Reproduce nothing beyond the line containing "Новый комплекс после". From the first line of the data below down to it, copy each line exactly, without the pictures.

• Dataset excerpt:

***

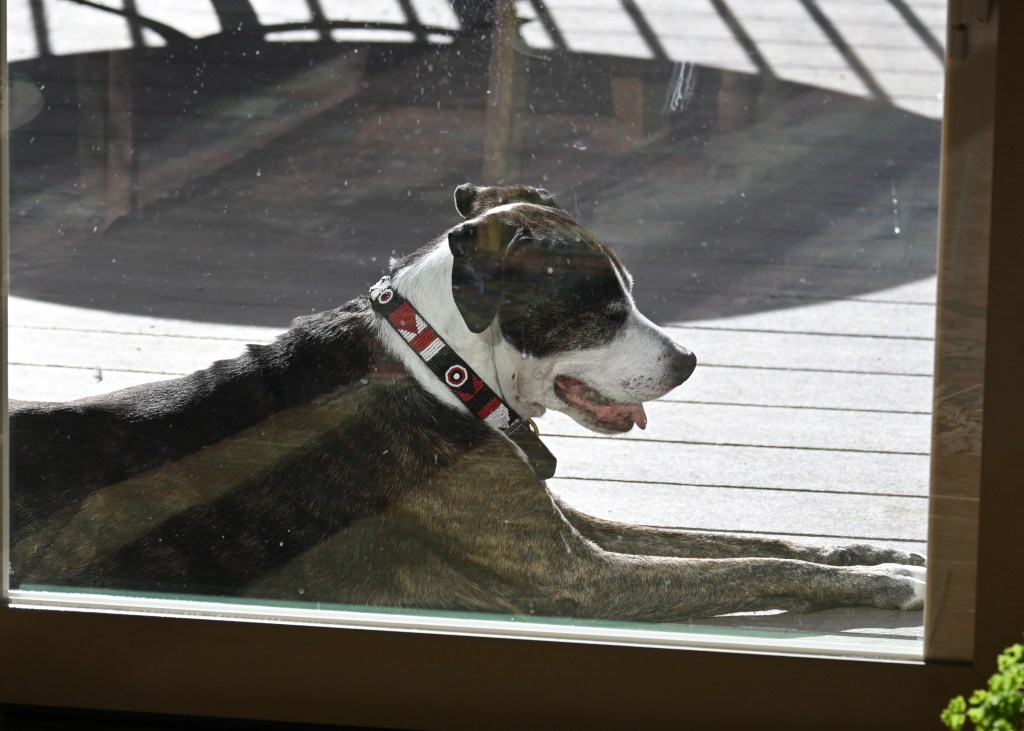 Roscoe went outside for a while, and was quite miffed that it took me so long to notice him at the sliding door!
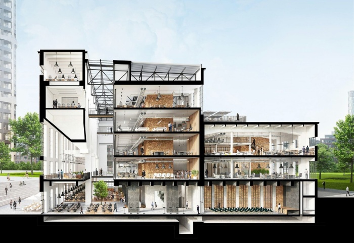 Новый комплекс после реконструкции является вполне современным зданием, в котором сохранились: кирпичная кладка, бетонные конструкции, впечатляющее потолочное оборудование в виде трех гигантских воронок, множество металлических элементов и большие окна промышленного типа. При этом внутри производственного пространства были добавлены стеклянные перегородки, позволившие разделить котельную и машинный зал на более мелкие зоны, не ограничивая обзор. Имеющиеся технические и стилистические детали органично вписались в новый дизайн, создавая новые функции, не теряя идентичность объекта.
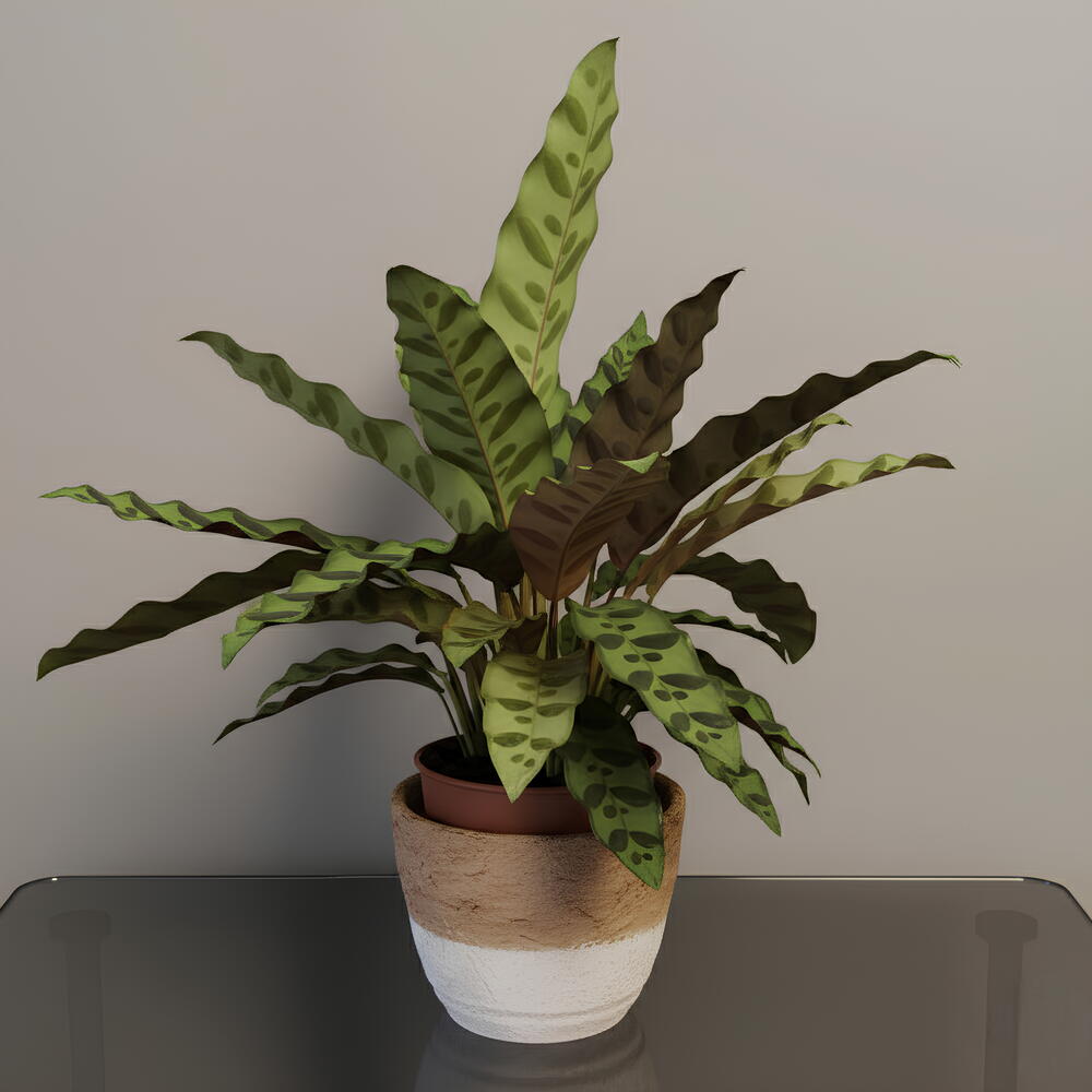 La planta en la imagen es una Calathea lancifolia, también conocida como planta serpiente o rattlesnake plant por sus hojas alargadas con patrones oscuros parecidos a huellas. Es una planta tropical popular por su follaje exótico que aporta un toque vibrante y elegante a cualquier espacio interior.
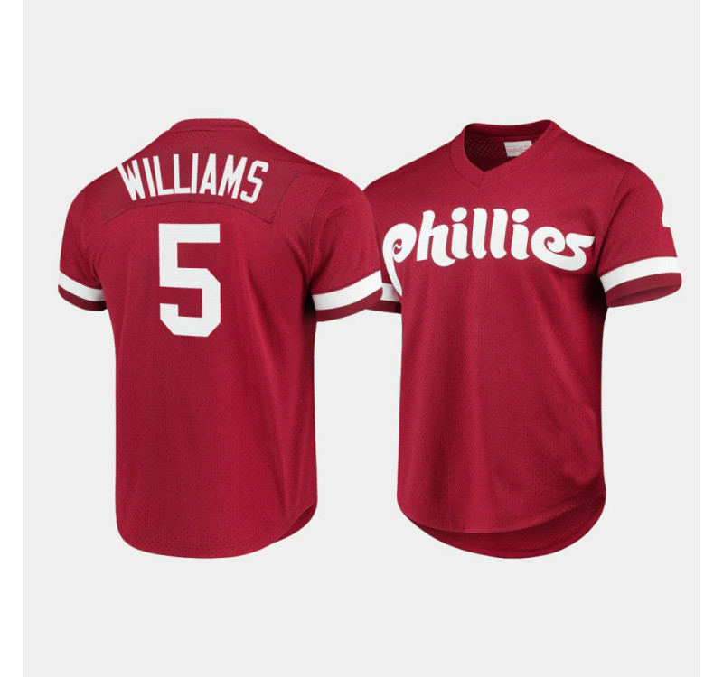 - Men's Phillies #5 Nick Williams Cooperstown Collection Mesh Batting Practice Scarlet Jersey

***

• Written solution:
 Roscoe went outside for a while, and was quite miffed that it took me so long to notice him at the sliding door!
 Новый комплекс после реконструкции является вполне современным зданием, в котором сохранились: кирпичная кладка, бетонные конструкции, впечатляющее потолочное оборудование в виде трех гигантских воронок, множество металлических элементов и большие окна промышленного типа. При этом внутри производственного пространства были добавлены стеклянные перегородки, позволившие разделить котельную и машинный зал на более мелкие зоны, не ограничивая обзор. Имеющиеся технические и стилистические детали органично вписались в новый дизайн, создавая новые функции, не теряя идентичность объекта.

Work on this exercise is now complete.